Special Needs of Students With Disabilities

Introduction

The institution of education is an indispensable source of improvement within society, as it helps young people shape their new ideas and bring them into reality. It serves to help learners discover and attain their full capacities to then obtain a position warranted by their innate talent. Educational ethics constitute a framework of standards for judging conduct and ensuring the protection of freedom to learn (Litwack, 2003). The two primary principles of educational ethics for teachers include commitment to the students and commitment to the profession. Each student has the potential of becoming a valuable, useful, and respected member of society. The purpose of the code of ethics is to help every student to achieve that goal (Litwack, 2003).

However, in some educational institutions, students with disabilities are being neglected. Some teachers fail to provide the appropriate accommodations and modifications to assist these students. While the reasons for such negligence differ, these actions compromise fairness and undermine the integrity of the profession.

The Assumptions at the Heart of the Dilemma

The major assumptions behind the issue of the failure to accommodate students with disabilities in the classroom can be classified into some major groups: the lack of training and knowledge; the lack of experience; the lack of support, time, and resources to meet the needs of students with disabilities; conscientious objections to the practice.

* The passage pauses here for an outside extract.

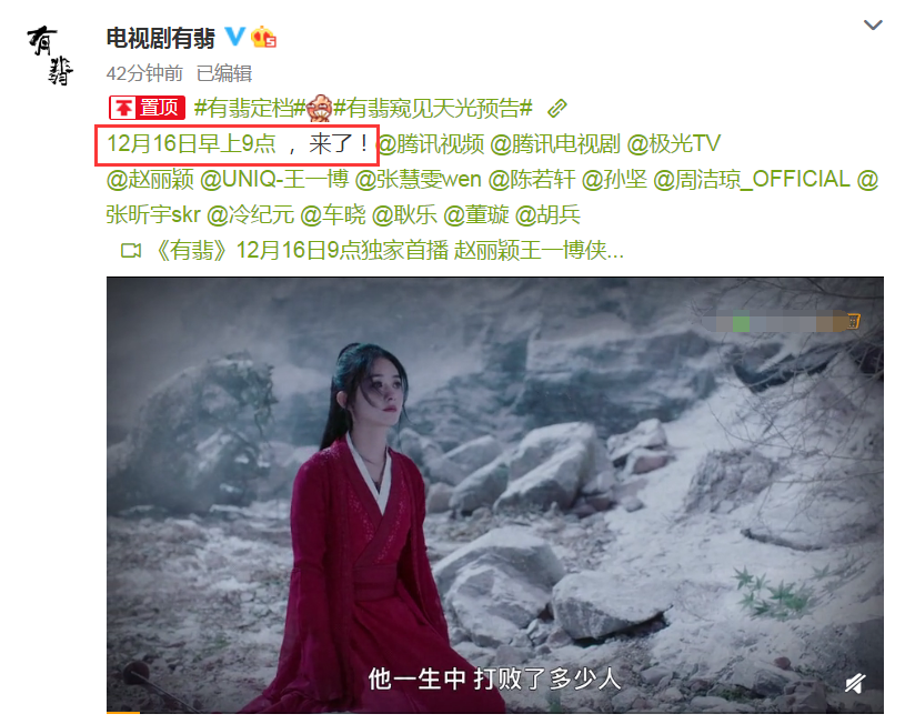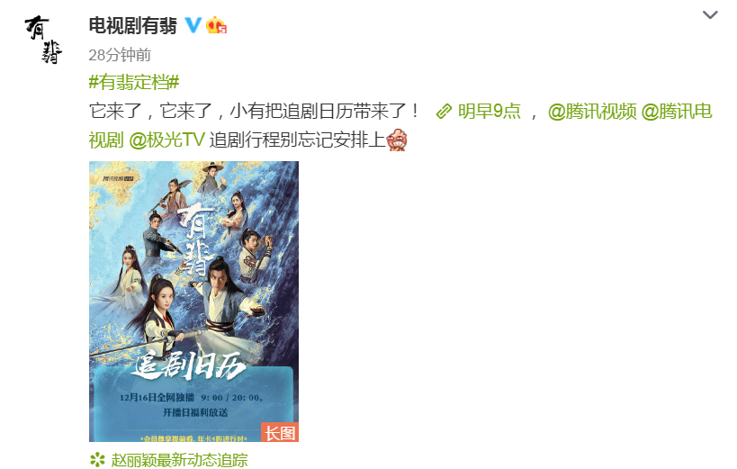 下昼《有翡》的官博宣布了《有翡》定档,定档的时间就是12月16日早上九点。16日也就是明天了,也就是说明天《有翡》就要来了。大家在看到这个消息以后,是否是超惊喜了呢?

The lack of training and knowledge comes at the forefront of most researches that is dedicated to the subject of decreased academic performance in students with disabilities. According to Moriarty (2007), various barriers impede teachers’ creation of an encouraging learning environment for all students and make them hesitant to make accommodations and modifications. In particular, the lack of an inclusive mindset and lack of knowledge about pedagogy or limited knowledge of practical strategies that students need, which reflect low willingness reflectors to assist students with disabilities. Many teachers cannot comprehend that such students have special needs and require an individual approach that can be accomplished via modifications and accommodations (Moriarty, 2007). In the instances when they do apply certain techniques and programs to try to help students with disabilities, these tools are often used improperly. These research findings demonstrate that even though inclusive pedagogy is regarded as the key strategy across countries to involve students with disability in general disabilities environment, educators’ beliefs, knowledge, and accessibility of multimodal teaching tools identify inclusivity.

Moreover, the lack of time plays an important part in causing the object of the ethical dilemma. Westwood and Graham (2003) conducted a survey of teachers that found teachers are worried about time constraints, handling the demands of consistently providing modification and additional supervision for a single student, and balancing the time spent on one special needs child with the demands of the other students in the classroom. Therefore, lack of time leads teachers to ignore to meet the needs of students with disabilities.

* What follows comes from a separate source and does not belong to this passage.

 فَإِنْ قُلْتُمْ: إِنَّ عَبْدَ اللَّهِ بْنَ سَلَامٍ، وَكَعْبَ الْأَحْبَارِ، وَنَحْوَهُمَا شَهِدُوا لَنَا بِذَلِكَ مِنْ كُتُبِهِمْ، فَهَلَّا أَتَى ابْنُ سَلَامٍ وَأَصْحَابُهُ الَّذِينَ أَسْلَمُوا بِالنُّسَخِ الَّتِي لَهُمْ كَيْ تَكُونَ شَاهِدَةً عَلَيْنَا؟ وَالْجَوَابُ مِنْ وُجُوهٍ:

Another assumption is a lack of inter-professional collaboration promotion between generalist and special education teachers. Fuchs (2010) discovered that general education teachers did not believe that they received sufficient support from other parties, particularly school administration and special education support staff. In general, there were inequalities in the assignment of duties between the two different educator types that led to tensions and power struggles. As a result, generalist teachers often reject the use of administrative resources if they see doing so as unproductive. So, the negative attitudes towards teaching students with disabilities are frequently due to a lack of support from the administration in the areas of collaboration and planning time and shared duties with the special education staff. (Fuchs, 2010).

The last assumption revolves around conscious opposition to inclusivity and the focus on disabled individuals during the classroom (Brandes & Crowson, 2014, Zhang et al., 2010). Historically, the teaching community was not positive about working with students with special needs. Some teachers believe that student with disabilities is not teachable or succeed as much as other students. Personal beliefs of teachers regarding the education of students with disabilities are the important factor that affects their willingness to provide accommodations for students with disabilities in the classroom (Zhang et al., 2010).